For NCI, its evolution has occurred in two phases, that are not entirely independent, and in ways that are significantly different to that of its antecedent.

The First Phase

The Funding Agreement that established NCI (known as NCRIS NCI Project) was executed by ANU and the Commonwealth Government in June 2007 for an amount of $26M, with the objectives being to:

  • Procure/sustain a capability computing system commensurate with international standing;
  • Advise Government on further “specialised system” investments to provide for targeted application areas;
  • Establish/operate a merit-based open access allocation scheme for researchers at publicly-funded research organisations;
  • Provide support and expertise services; and
  • Maintain a supported strategic plan for national computational needs.

With the regard to the major system acquisition, the goal at the time was to procure a capability system, the performance of which would be comparable to that of the “Track 2” systems being established in the USA, at the time, by the National Science Foundation. Quite early, it became clear that, with only the funds available, this would be a difficult goal to realise without the injection of further investment/co-investment. And so began the process of building the partnership and governance model that exists today, under the leadership of a Steering Committee chaired by Emeritus Professor Mark Wainwright, a former Vice-Chancellor of UNSW, and through the office of Professor Robin Stanton, a Pro Vice-Chancellor at ANU, and the ANU Delegate of the NCRIS NCI Contract.

With the Steering Committee (which was the antecedent of today’s Board) established in 2007, and expanded in 2008 to include, as institutional members, three of the national agencies—CSIRO, the national science agency, the Bureau of Meteorology, and Geoscience Australia—alongside ANU, as the host organisation, the first steps were taken to establish the sustaining partnership that is now in place. With the sails set, ANU’s delivery on the goals of the contract was initiated with the appointment of the foundation Director of NCI, Professor Lindsay Botten in 2008. As in the APAC era, all services in this first phase of NCI were provided through the ANU Supercomputing Facility, which was accountable to the NCI Director and to Steering Committee.

Early in 2008, at the time at which ANU was about to tender for a new peak system (under the NCRIS agreement), the Bureau of Meteorology was planning to approach the market for a new operational weather forecasting system.  With strong synergies apparent, it was agreed that BoM and ANU would issue a joint tender, with the goal of procuring interoperable systems that would facilitate research opportunities and collaboration in climate and weather science, and which also had the potential to enhance the service robustness for operational weather forecasting.

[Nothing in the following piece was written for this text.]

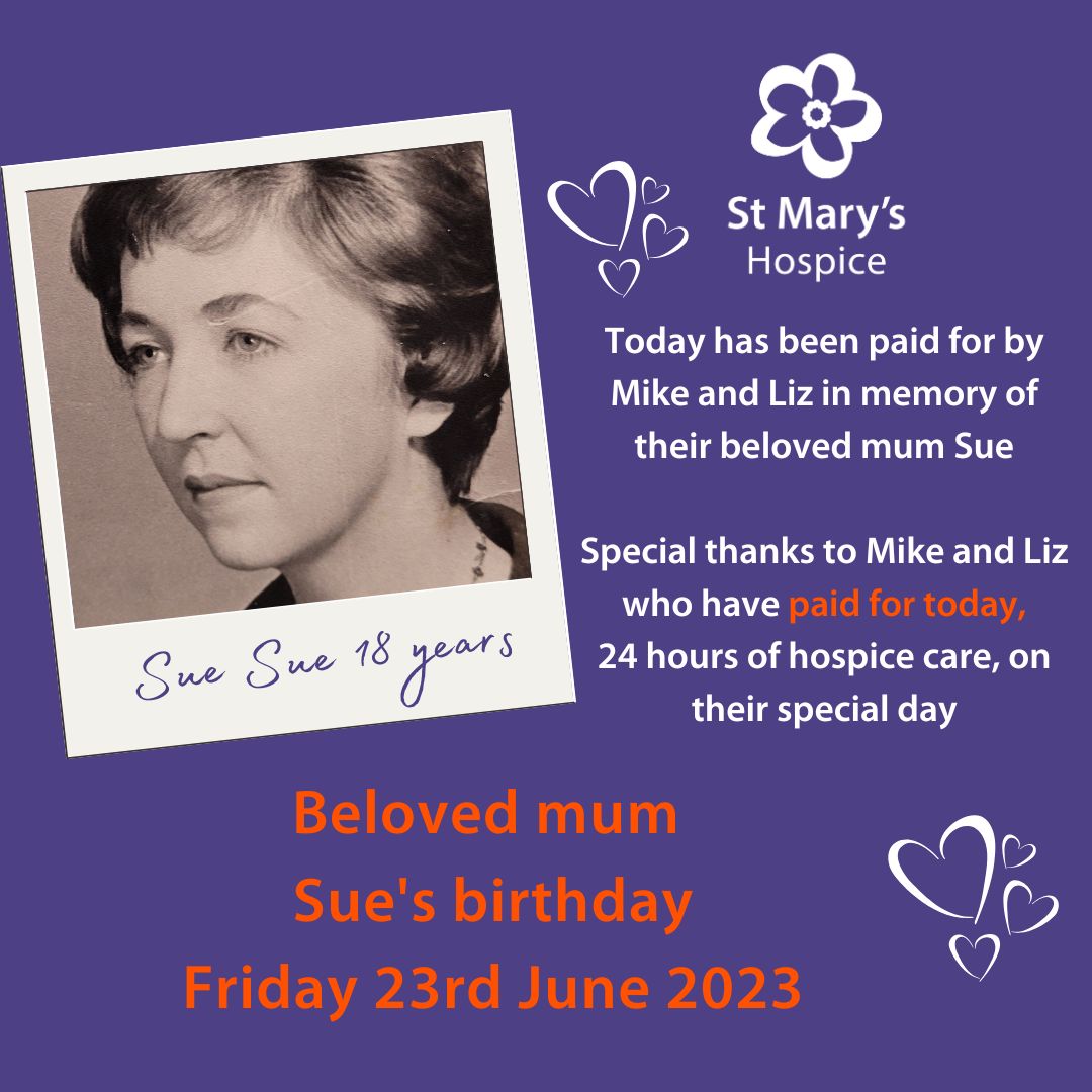 We are so grateful to Mike and Liz for their generous act of kindness in donating 24 hours of hospice care today, 23rd June, in loving memory of their mum, Sue George, on her birthday.

This procurement took place under the governance of a Joint Steering Committee comprising BoM, ANU/NCI, and CSIRO representatives. The evaluations were completed by October 2008, at which time the world was then in the tightening grip of the Global Financial Crisis (GFC)—which spanned the entire period of the contract negotiations with the successful tenderer, Sun Microsystems.

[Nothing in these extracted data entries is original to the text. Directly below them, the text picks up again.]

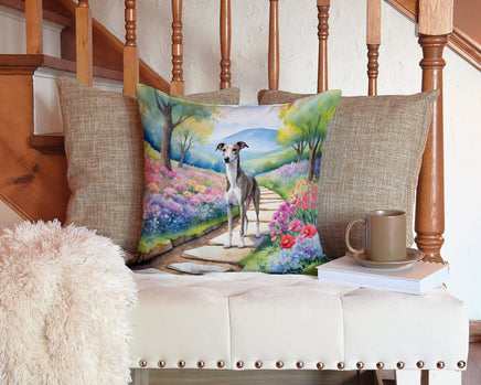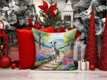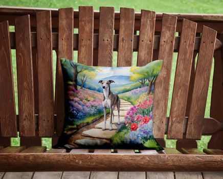 Decorate your space with Caroline's Treasures Whippet artwork on a Pillow. Bring a bit of Spring into your home with a Spring Pillow. Add a touch of vibrancy and comfort to your outdoor seating with Caroline's Treasures Fabric Decorative Pillow. Measuring approximately 14 inches by 14 inches, this outdoor pillow is crafted to elevate the appeal of your patio furniture, infusing it with vivid color and artistic flair. The pillow includes a 100% Polyester Fabric sham filled with a quality pillow form to provide superior comfort. Innovatively made from Caroline's Treasures brand new material, specifically woven for its water resistance, this pillow is designed for durability. The soft canvas fabric offers versatility in use, fit for your indoor couch or your outdoor patio, porch, or veranda. The fabric is dyed with colorfast dyes built for resilience against weather conditions, ensuring the pillow retains its beauty over time. Constructed by sewing three fabric pieces to create a sham, the polyester insert is then nestled inside to form the pillow, resulting in an overstuffed pillow that maintains its shape. Both the sham and the pillow insert are proudly made in the United States. As the pillows are handcrafted, there may be minor variations in size, further enhancing their unique charm. Experience comfort in style with Caroline's Treasures Fabric Decorative Pillow.
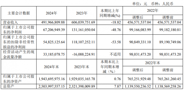 華曙高科2024年度實現營業收入4.92億元,同比下降18.82%;歸屬于上市公司股東的凈利潤6720.69萬元,同比下降48.76%;歸屬于上市公司股東的扣除非經常性損益的凈利潤5482.51萬元,同比下降53.58%。
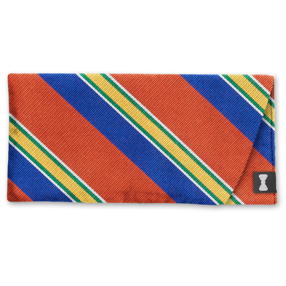 A strikingly handsome woven silk featuring lightly ribbed bands of burnt orange and blue interspersed with quintets of gold, green and white. A go-to choice for almost any occasion.
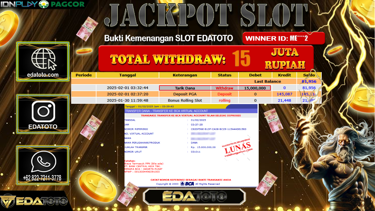 Selamat Kepada Pemilik user ID :ME****2 Hari/Tanggal : SABTU/ 01, FEBRUARY 2025 Jackpot : Rp. 15.000.000 JT Permainan : Jackpot . . .

A contract was executed by ANU and Sun in March 2009, for a 16 rack, 12,000 core, 140 TFlop Sun Constellation known as Vayu—a distributed memory cluster based on Intel Xeon Nehalem technology with a QDR Infiniband interconnect, with the US dollar exchange rate having dropped by approximately 25 per cent during contract negotiations, thereby impacting the scale of the procurement. The first phase (one-eighth) of the Sun system at NCI was installed in September 2009, more than replacing the capability of previous SGI Altix 3700 system, with subsequent upgrades in February and April of 2010 bringing the system to its full capacity.  Concurrently, BoM completed its negotiations with Sun at the same time, and its five rack system, with dual-rail Infiniband, entered production during 2010.

The emerging NCI collaboration took a most significant step forward late in 2008 with a decision by CSIRO to enter into partnership with ANU as the initial custodians of NCI—with CSIRO committing to its ongoing, strong level of co-investment in NCI by executing with ANU the Partner Service Agreement on 24 December 2008. QCIF and Pawsey (formerly iVEC) joined as minor partners shortly thereafter in 2009, followed in 2010 by Geoscience Australia, and Intersect (the NSW university consortium), which was able to repurpose a substantial ARC Linkage Infrastructure Grant for 2009 (led by the University of Technology, Sydney) to take services in NCI from 2010–14, rather than to procure a separate,standalone system for its consortium.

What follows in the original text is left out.